А путешествие становилось весьма… р-романтическим (черт бы побрал этого мальчишку!) Ветвистые коряги лежали все гуще – порой настоящие завалы. Иногда путь преграждали кучи гнилых деревянных ящиков и разбитых бочек. Тропинка появилась опять, но тянулась теперь не по песку, а по сырой глине, в которой вязли ступни. Мне пришлось разуться и подвернуть джинсы. (Кто увидит – подумает: „Вот понесло взрослого дурня заодно с бестолковым пацаном“.) И свернуть было некуда: слева вода, справа крутые, заросшие бурьяном откосы без всяких лестниц и тропок.
Ерошка, посапывая, шагал впереди.
– Ерофей, – тяжело обратился я к трикотажной спине с надписью „CICIMORA“. – Ты когда-нибудь слышал про Ивана Сусанина?

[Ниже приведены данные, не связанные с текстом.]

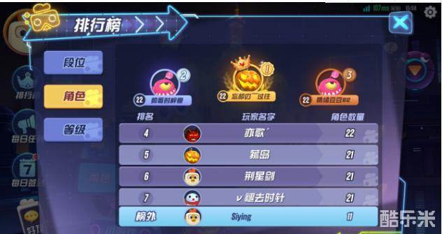 【角色排行榜】新增角色排行榜,按照玩家解锁的游戏角色数量进行排序。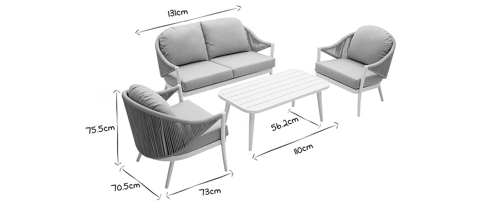 Ce salon de jardin cosy et raffiné comprend un canapé 2 places (assise : L120 x P43 x H44 cm), deux fauteuils (assise : L60 x P40 x H44 cm) et une table basse (L110 x P56,2 x H44 cm). Vous pouvez utiliser ces différents modules séparément ou bien les assembler selon vos besoins...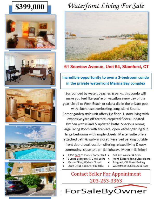 I am helping my mother sell her condo in a private waterfront complex in Stamford, CT.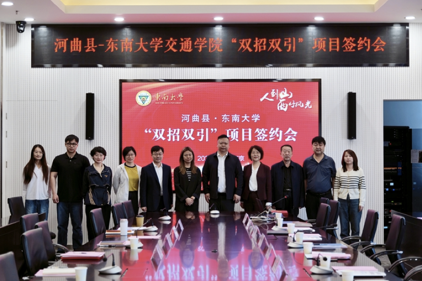 3月26日,河曲縣與東南大學「雙招雙引」項目簽約會在南京市東南大學交通學院圓滿舉行。此次簽約會由東南大學交通學院副院長章定文主持,學院黨委副書記、副院長張航,河曲縣副縣長景旭光,縣直相關部門及企業負責人出席儀式。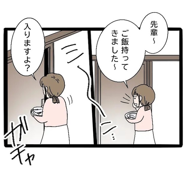みずほ先輩の部屋のドアをコンコンとノックし、「先輩~ご飯持ってきました~」と声をかけます。しかし返事はありません。まだ眠っているのかもしれないと思いましたが、せっかくなら温かいうちにご飯を食べてほしい。そう思った私は、「入りますよ?」と声をかけて部屋に入りました。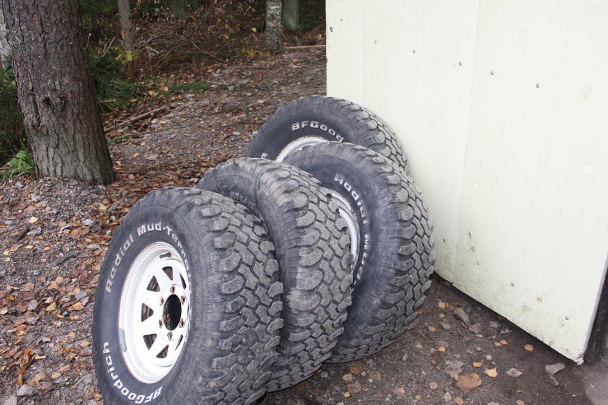 BF Goodrich Mudterrainit 31x10,50R15Myydään Myydään BF Goodrich Mudterrainit 31x10,50R15 renkaat vanteilla!Kulutuspintaa noin 4mm jäljellä. H. 400e Mukaan vielä muutamat lisävalot H. 50e Myydään Viimeksi muokannut samisami2 : 11.04.2012 11:39 Perustelu: otsikko ja etuliite |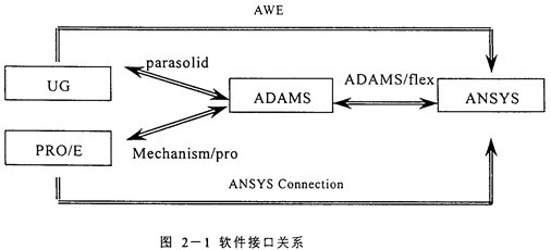 以上四個(gè)軟件均是當(dāng)今比較流行且功能強(qiáng)大的大型CAD/CAE軟件,然而考慮到ADAMS的內(nèi)核就是Parasolid,從UG中導(dǎo)入ADAMS的模型包含了在UG里定義的密度、質(zhì)量等幾何屬性,不需作任何變更就可使用;而PRO/E與ADAMS間通過Mechanism/pro模塊進(jìn)行連接時(shí)存在較多的問題,經(jīng)過長時(shí)間的摸索才連通,且發(fā)現(xiàn)在PRO/E里南非先將各個(gè)零件定義為剛體,作為子裝配只能定義為一個(gè)剛體,可是像RV減速器這樣的大模型在裝配過程中不可避免地含有子裝配并且子裝配中的零件間有相對(duì)運(yùn)動(dòng),將其定義為一個(gè)剛體是錯(cuò)誤的,為此,本課題中采用了UG、ADAMS與ANSYS形成的分析平臺(tái)。

Он, не оглядываясь, засопел громче и виноватее.
– Ага, слышал… Потерпи, скоро выберемся на сухое…
И мы выбрались наконец. Через дыру в бетонной изгороди – на территорию порта. Здесь было почти пусто. У дебаркадера – ни одного судна. В небе с пухлыми белыми облаками замерли два крана. На пристанских путях лязгали вагоны и что-то покрикивал в мегафон диспетчер, но это в отдалении, а рядом с нами лишь галдели воробьи – они прыгали по лежавшим у кирпичного склада контейнерам и по груде ящиков, от которых пахло соленой рыбой…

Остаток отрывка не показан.